An index that remembers the associations between integers subject IDs and their URIs and labels.

property active

return a list of (subject_id, uri, label, notation) tuples of all subjects that are not deprecated

append(uri, label, notation)
by_label(label)

return the subject index of a subject by its label

by_uri(uri, warnings=True)

return the subject index of a subject by its URI, or None if not found. If warnings=True, log a warning message if the URI cannot be found.

contains_uri(uri)
deprecated_ids()

return indices of deprecated subjects

labels_to_uris(labels)

return a list of URIs corresponding to the given labels; unknown labels are ignored

classmethod load(path)

Load a subject index from a TSV file and return it.

save(path)

Save this subject index into a file.

uris_to_labels(uris)

return a list of labels corresponding to the given URIs; unknown URIs are ignored

class annif.corpus.SubjectSet(subj_data=None)

Bases: object

Represents a set of subjects for a document.

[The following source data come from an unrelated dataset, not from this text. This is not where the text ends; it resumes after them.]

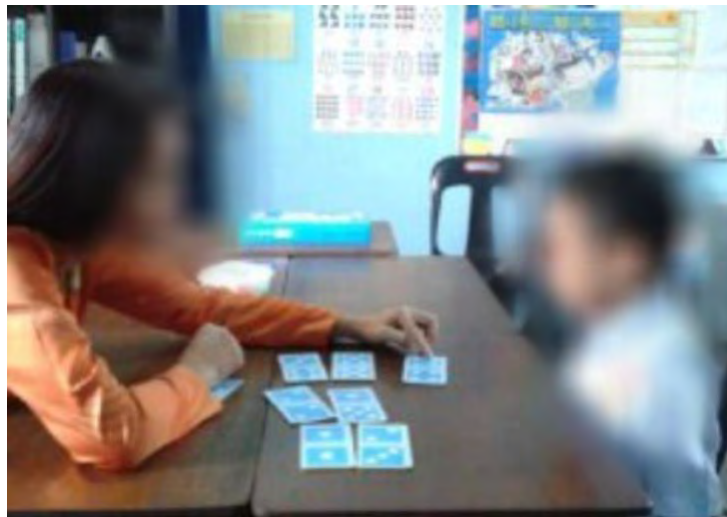
Figure 1. Daisy demonstrated point to count strategy

In the interview, Daisy elaborated that: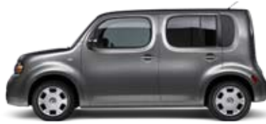
1.8 S: ADD IN EXTRA AMENITIES.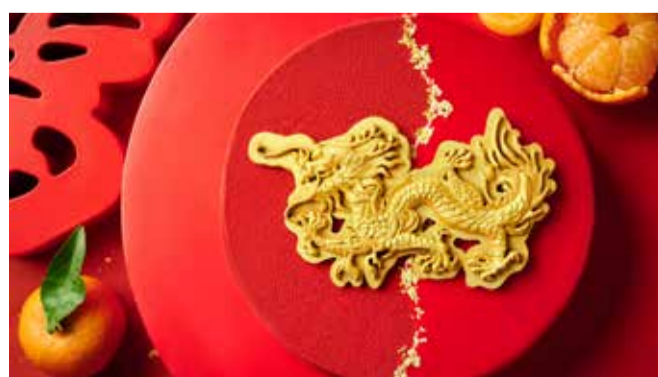
Sweets will present a limited-edition Year of the Dragon – Milk Chocolate and Mandarin Cake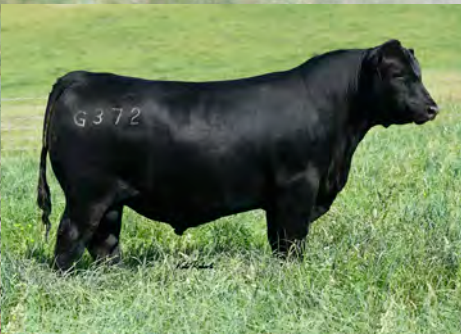
Service Sire Pine Coulee Drifter G372

as_vector(subject_index, destination=None, warnings=True)

Return the hits as a one-dimensional NumPy array in sklearn multilabel indicator format, using a subject index as the source of subjects. Use destination array if given (not None), otherwise create and return a new one. If warnings=True, log warnings for unknown URIs.

classmethod from_string(subj_data)
has_uris()

returns True if the URIs for all subjects are known

class annif.corpus.TransformingDocumentCorpus(corpus, transform_fn)

Bases: annif.corpus.types.DocumentCorpus

A document corpus that wraps another document corpus but transforms the documents using a given transform function

property documents

Iterate through the document corpus, yielding Document objects.